Logo

PEARSON_q

Updated 2023-11-01 21:06:02.320000

Syntax

SELECT [westclintech].[wct].[PEARSON_q] (
   <@Known_y_Known_x_RangeQuery, nvarchar(4000),>)

Description

Use the scalar function PEARSON_q to calculate the product moment correlation coefficient between two datasets.
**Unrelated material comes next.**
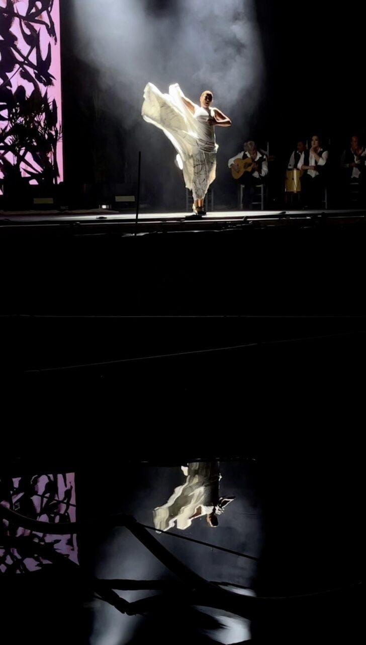 Tienes razón, yo toda la vida he pensado que en el momento que fuese mamá ya no sería tan fuerte, que no podría aguantar dos horas a tope, arriba, con velocidad y frenazos… y sin embargo si te cuidas, si te cuidas pero normal, yo no soy esclava, no vivo esclava para el baile pero sí tengo un entrenador que me ayuda a que no me lesione, sí como bien, sí duermo bien, sí tengo alrededor gente que me ayuda, sí tenemos los valores de equipo muy presentes y eso es lo que hace que entre todos podamos porque sino no puedes. Si descontrolas un poco ya no puedes llegar a esas velocidades y encima sentirlo y compartirlo y además por eso decía la parte emocional también está muy dentro, no es algo que hagas matemáticas, es algo que tú tienes que sentir para poder expresar todo eso, lo tienes que sentir sino no vale, entonces el desgaste físico y psíquico la verdad que es fuerte pero bueno yo la verdad es que estoy muy sorprendida con eso porque cumplo más años y más fuerte me veo, es energía por eso te digo nunca hay palabras suficientes para agradecerle al público pero es que es verdad, el público responde y esa energía te la manda de una manera que te vas convirtiendo en algo súper bonito de fuerza hablando. Yo soy una enamorada del flamenco, del teatro y de todo… pero bueno, es muy importante rodearte de gente que te ayude sino no habría manera.

The equation for the Pearson correlation coefficient is

r_{xy}=\frac{\sum(x-\bar{x})(y-\bar{y})}{\sqrt{\sum(x-\bar{x})^2\sum(y-\bar{y})^2}}

Arguments

@Known_y_Known_x_RangeQuery

the select statement, as text, used to determine the known y- and x-values to be used in the PEARSON_q calculation.

Return Type

float

Remarks

If the number of known-x data points is different than the number of known-y data points, PEARSON_q will return an error.

If the standard deviation of either set of data points is zero, then PEARSON_q will return an error.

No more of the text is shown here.